You are here:

AN HISTORICAL LOCATION

For the commemoration of the fiftieth anniversary of the independence of Belgium, the architect Gédéon Bordiau traced the lines of the park on the plain of Linthout, former land of the Civic Guard who used it for manoeuvres, and erected two large exhibition halls connected by a long hemispherical gallery bisected at its centre by a monumental arcade. Unfortunately it was not completed by 1880 for the inauguration of the great National Exhibition dedicated to commerce and industry. As a temporary measure to give it an air of completion, the upper parts of the gallery and the arch were hurriedly constructed of wood and stucco.

Flushed with the success of this first exhibition, events followed one after another and major international exhibitions took place in 1888, 1897 and 1905. It was in 1888 that the site adopted the name of Parc and Palais du Cinquantenaire.

1880 - Célébration des 50 ans de la Belgique
Arc de Triomphe du Cinquantenaire

When Bordiau died in 1904, King Léopold appointed the frenchman Charles Girault, responsible for the Petit Palais in Paris, to continue the project which lead to the erection of the current arcade in 1905, in time for the 75th anniversary of independence.

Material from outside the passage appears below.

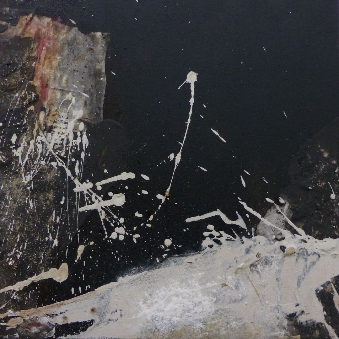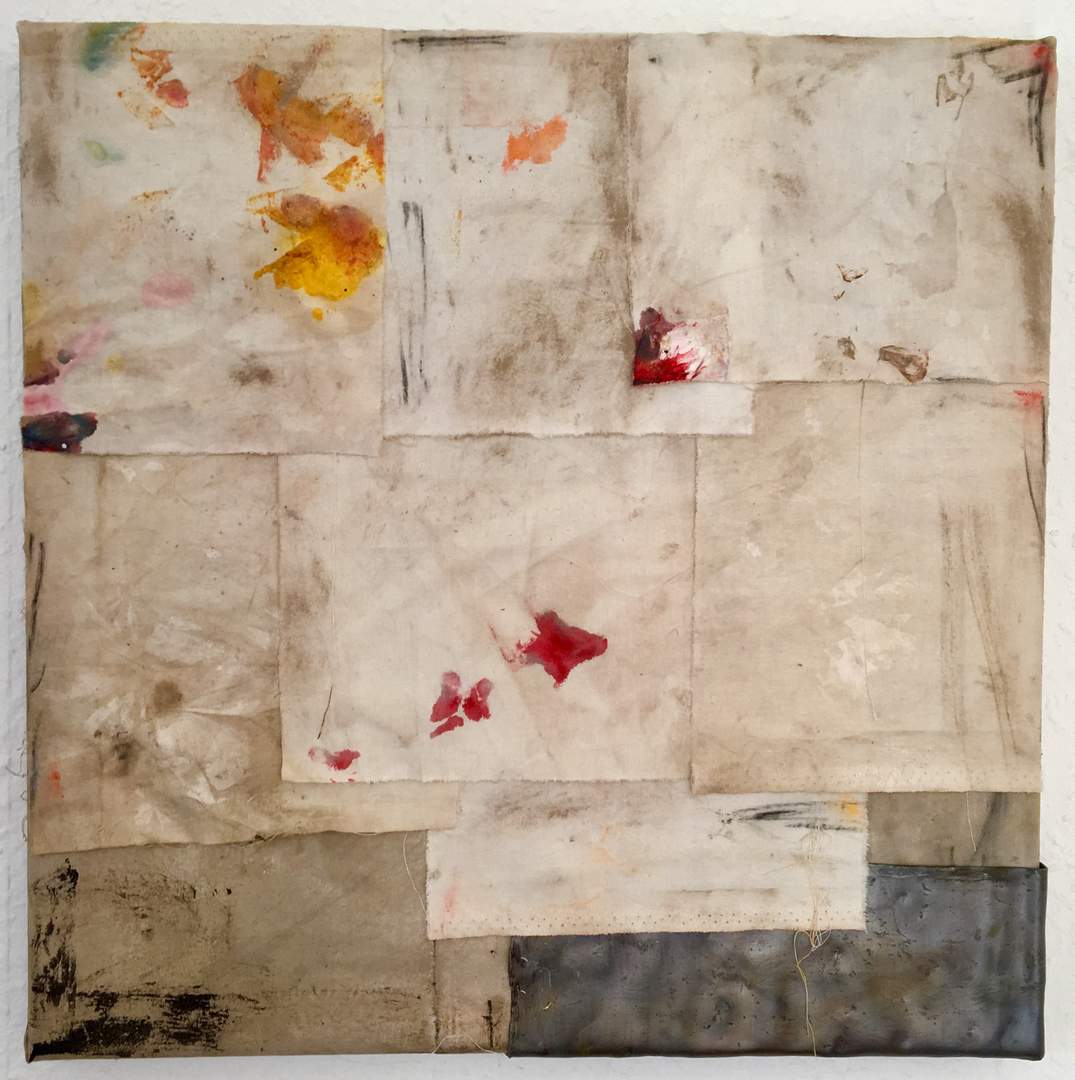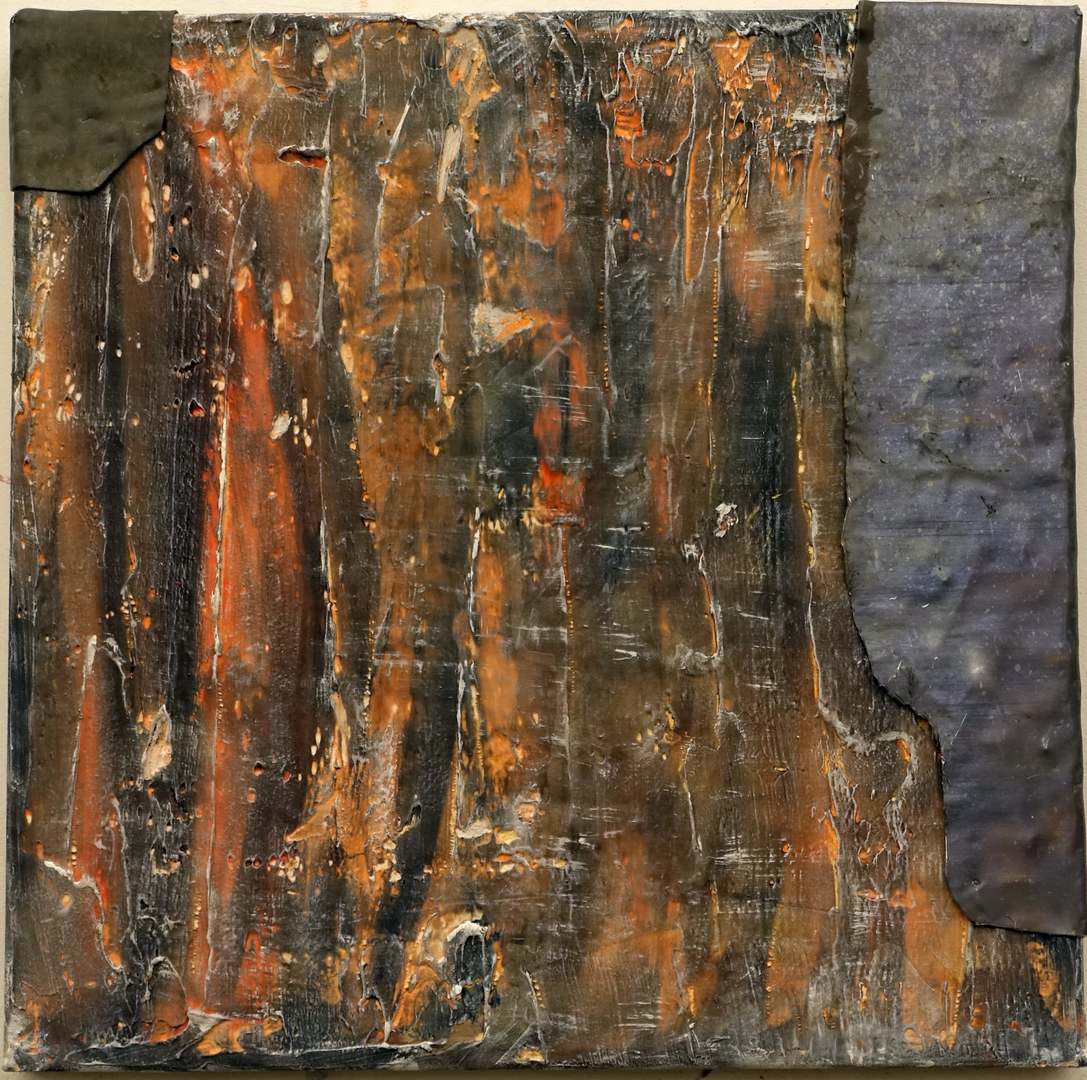 Wider die Schönfärberei #2 (Erinnerungen an Kurt E.) (2018), 50 x 50, Mixed Media auf Leinwand (Stoffausrisse mit Farbresten, Asche, Bitumen, Blei)

The same Charles Girault would be responsible for designing the current Museum of Africa in Tervuren. In 1946, a fire destroyed the right wing, symmetrical to our Bordiau hall. The building was rebuilt to house the Museum of Art and History, in a strong neoclassical style quite different from the original palace.

From 1930, the major exhibitions took place on the site of the Palais des Expositions on the Heysel plateau.

The Cinquantenaire is now visited for the beauty of the park, the wealth of the Museums of Royal Art and History, the Autoworld Automobile Museum and the Royal Museum of Armed Forces and its Aviation Hall.